Ofcom, the U.K.'s phone regulator, will keep
thousands of the nation's famous red public phone booths in service, despite a
sharp drop in calls from the boxes.
The U.K. currently has around 21,000 public call
boxes that are still vital in case of emergencies and in areas where cellphone
users can't get a reliable signal.
Under the regulator's new criteria, a call box will
need to be used at least 52 times over a 12-month period to stay in service. Anyway,
if a kiosk is in an area identified as an accident or suicide hotspot, it can't
be removed.
"Some of the call boxes we plan to protect are
used to make relatively low numbers of calls," said Selina Chadha, Ofcom's
director of connectivity. "But if one of those calls is from a distressed
child, an accident victim or someone contemplating suicide, that public phone
line can be a lifeline at a time of great need."

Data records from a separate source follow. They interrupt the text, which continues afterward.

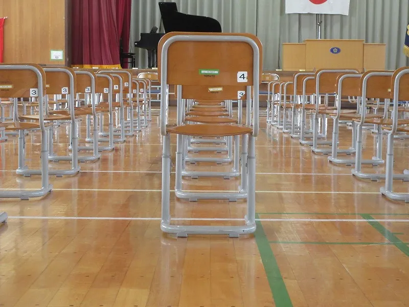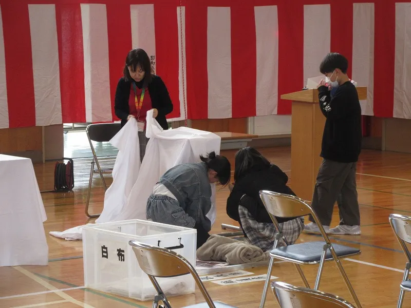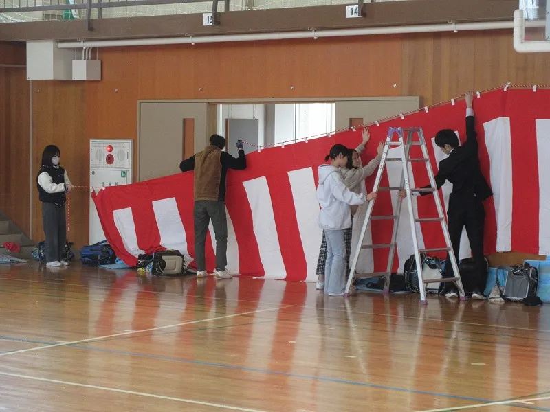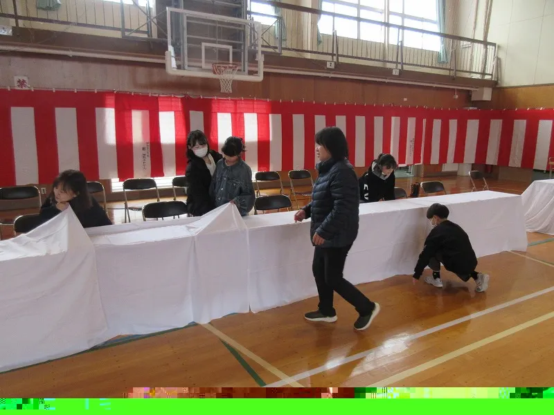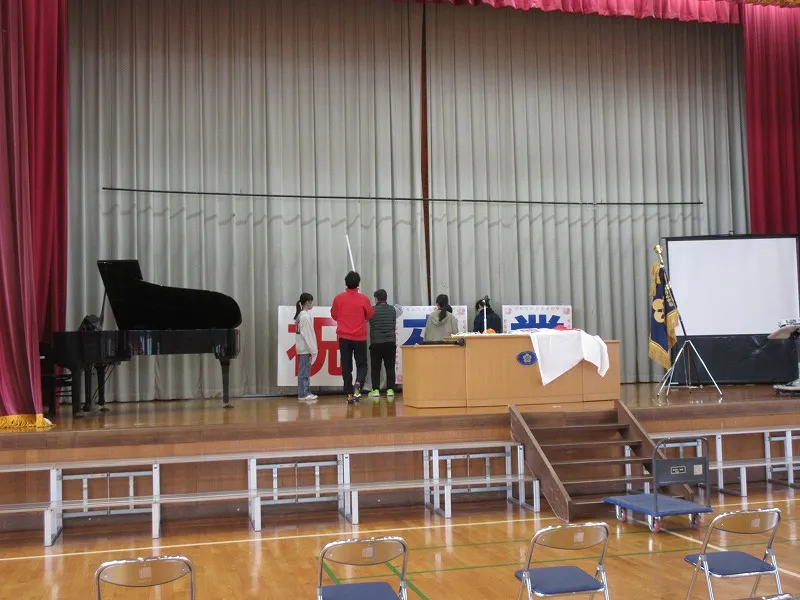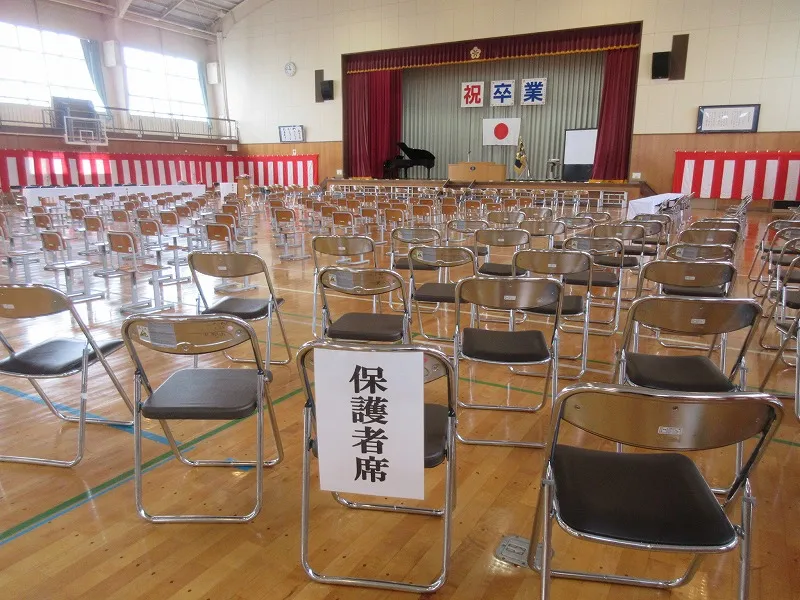 畑っ子5年生と先生方が,式場を整えてくれました。最後の一枚。椅子の真後ろから腰をかがめて,椅子の曲がりや座板のゆがみをキッチリとチェックしている写真です。この一枚が,5年生の「頑張り」の全てを物語っています。新リーダーにふさわしい立派な態度でした。ありがとう!畑っ子5年生!いや!畑っ子新6年生!!
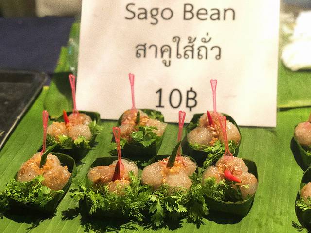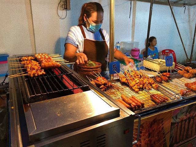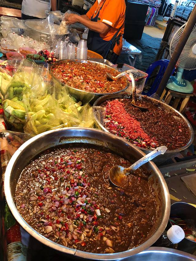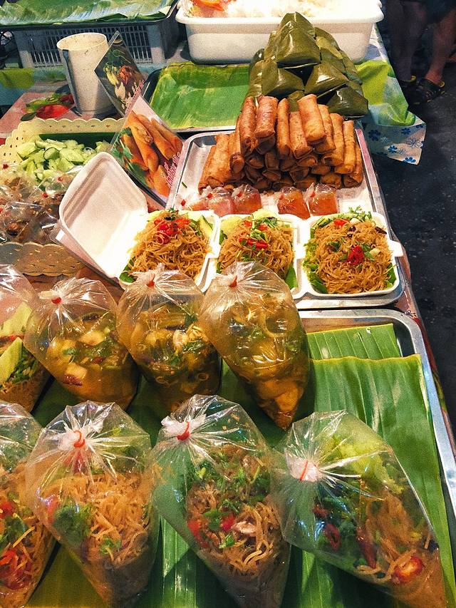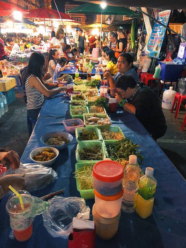 今晚的夜市和前2晚的夜市有很大的区别,卖的都是很有特色的泰国小食,我们买了烤鸡肠,凉拌粉,炸虾,都很好吃。
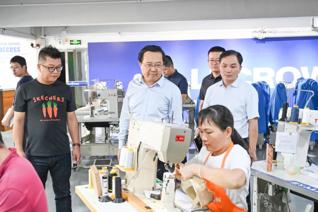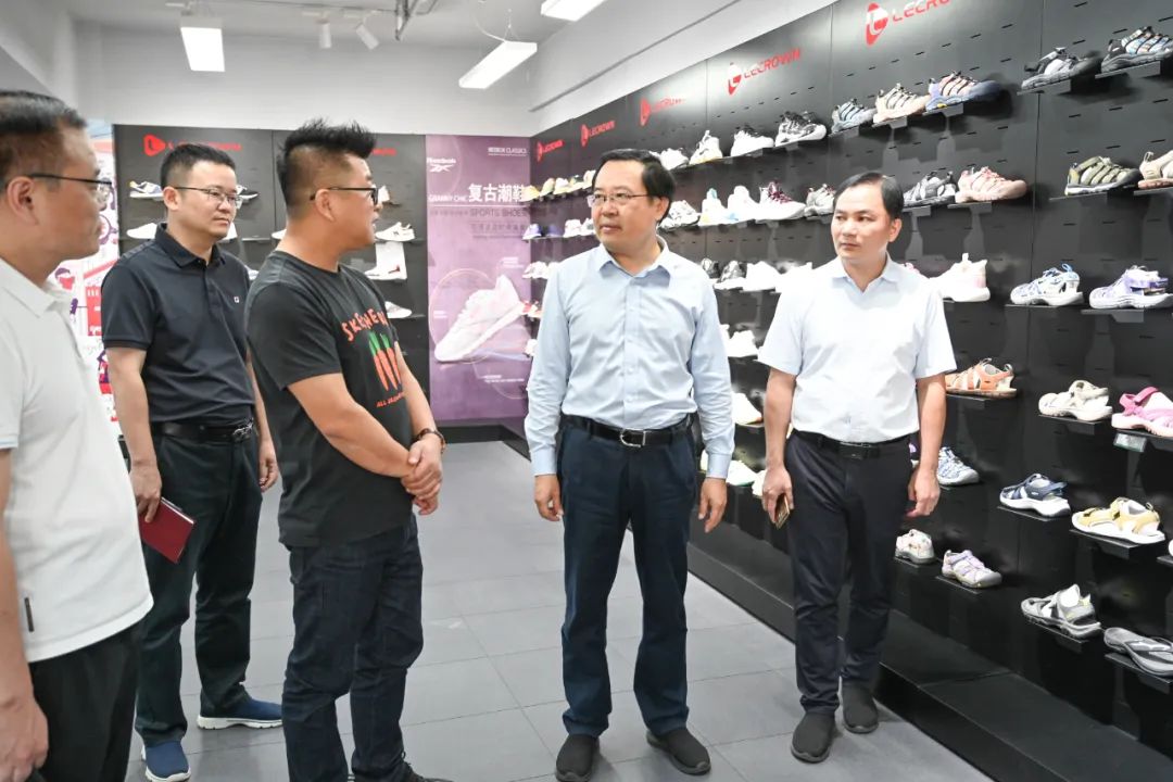 随后,王文才一行来到新路鞋业,实地察看企业生产、研发、产品展示等,详细了解鞋业产业转型升级、设计研发、品牌打造、外贸出口等情况,现场协调解决存在的困难,并勉励企业要进一步坚定发展信心,加大“智改数转”力度,打造自主品牌,提高产品竞争力,持续做强做优做大。
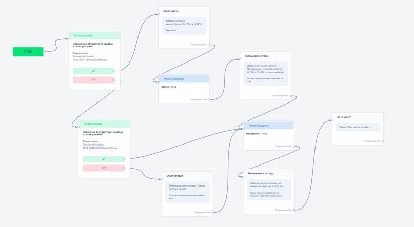 Для построения evergreen воронки в боте необходимо сразу после старта добавить условие по проверке текущего времени. И если оно, например, больше 19:00 по МСК, то отправляем человека по цепочке “старт завтра”. Если же на данный момент время меньше 19:00, то осуществляется переход к следующему условию — где правило «текущее время больше 18:00», при соответствии указанным правилу человек переход к сообщению “ за 10 минут до эфира”. И если и это условие не выполняется, то человек получает сообщения, что вебинар состоится «сегодня», потом напоминание за 1 час и т.д.
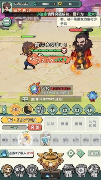伙伴养成:在《斗破苍穹萧门篇》游戏里,会有许多大家熟悉的角色登场,玩家能够和这些角色一同战斗,携手成长。

Ofcom will take a phone booth out of operation only
if its service area is covered by the U.K.'s four mobile networks.
Local
communities can adopt a red phone kiosk under a plan that lets
governments or organizations buy the call box for just £1. According to Ofcom,
"more than 6,000 kiosks have been converted to a range of different uses,
such as community libraries, or to house life-saving public
defibrillators."
Red call boxes that meet the new protection
criteria will have to update its analog telephone network. With the old phone
system set to be turned off by the end of 2025, red call boxes that survive the
cut will have to be upgraded to Internet Protocol standards.
A red phone box in Vale of Glamorgan, Wales, was converted into a village library.